Administration Officials Downplay CIA-State Department Squabbling In Benghazi Emails
BRIAN BEUTLER MAY 15, 2013, 6:44 PM
At a briefing for reporters at the White House Wednesday, senior administration officials including a senior intelligence official sought to stamp out the last embers of controversy surrounding the inter- and intra-agency processes that yielded official, early talking points about the attacks on a U.S. facility in Benghazi, Libya.

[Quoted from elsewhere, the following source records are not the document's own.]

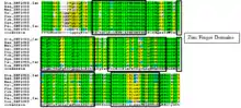 Multiple sequence alignment of orthologs for five zinc finger domains reveals high conservation.
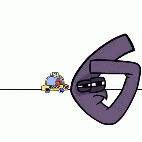 An animated purple letter G watches as a small yellow taxi cab, driven by a red character, approaches.
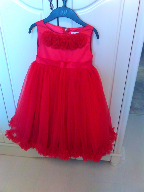 Платье с маркировкой 4,но можно носить до 6 лет,просто будет покороче.Есть затяжки и маленькая дырочка от утюга,но из за объема с фалдами незаметно.Платье очень красивое
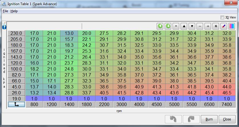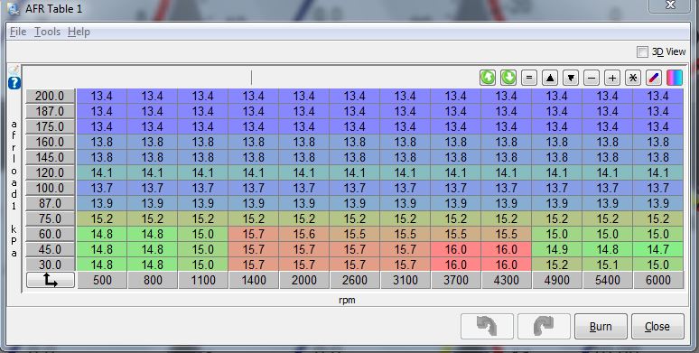 Through a bit of trial-and-error, as well as having a look at a few publicly available maps, i've cobbled something together which runs pretty nicely, returns fairly decent economy, and has lots of power over 4K. I don't believe it's detonating, knocking or pinking, but i'm fairly new to this and haven't developed the ability to hear that on the road. The map extents beyond 100kpa as the maps i worked from had a wide range of aspiration systems. I am currently running naturally aspirated (although i intend to fit a TD04L in the coming months).
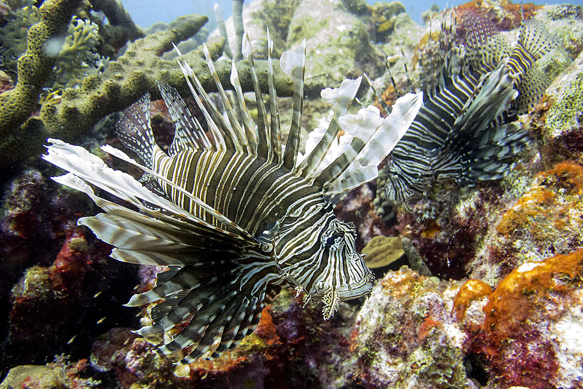 With its striking stripes, diaphanous fins, and mane of colorful but poisonous spines, the exotic Indo-Pacific lionfish makes for a popular aquarium fish. But when released into the Atlantic in the 1980s (presumably by aquarium aficionados who tired of the voracious pet), the fish thrived and became a menace to native fish species and the reefs they rely upon. Lionfish populations first exploded off Florida鈥檚 coast; now, lionfish have expanded their range throughout the Bahamas and the Caribbean all the way down to South America.聽

Responding to pressure from reporters and Republicans on Capitol Hill, the administration released what they claim are all emails internal to, and between, relevant government agencies drawing up the talking points that Susan Rice used when appearing on Sunday talk shows a few days after the attacks that left four Americans, including U.S. Ambassador to Libya Christopher Stevens, dead. Those emails are characteristic of the laborious bureaucratic process required to finalize the talking points, but do reflect disagreements between senior officials in agencies outside the White House over what information the talking points should contain.
The emails vindicate the administrations claim that White House officials did not partake in defensive wrangling over the framing or content of the talking points. But they do confirm that the State Department and CIA were at odds, at least for a time, over how comprehensive the talking points should be.
That squabbling which appear to reflect at least in part the two agencies desires to insulate themselves from blame for the attacks is the only remaining aspect of the controversy, perpetuated by Republicans and conservatives, over the administrations private deliberations and public communications in the days after the attack.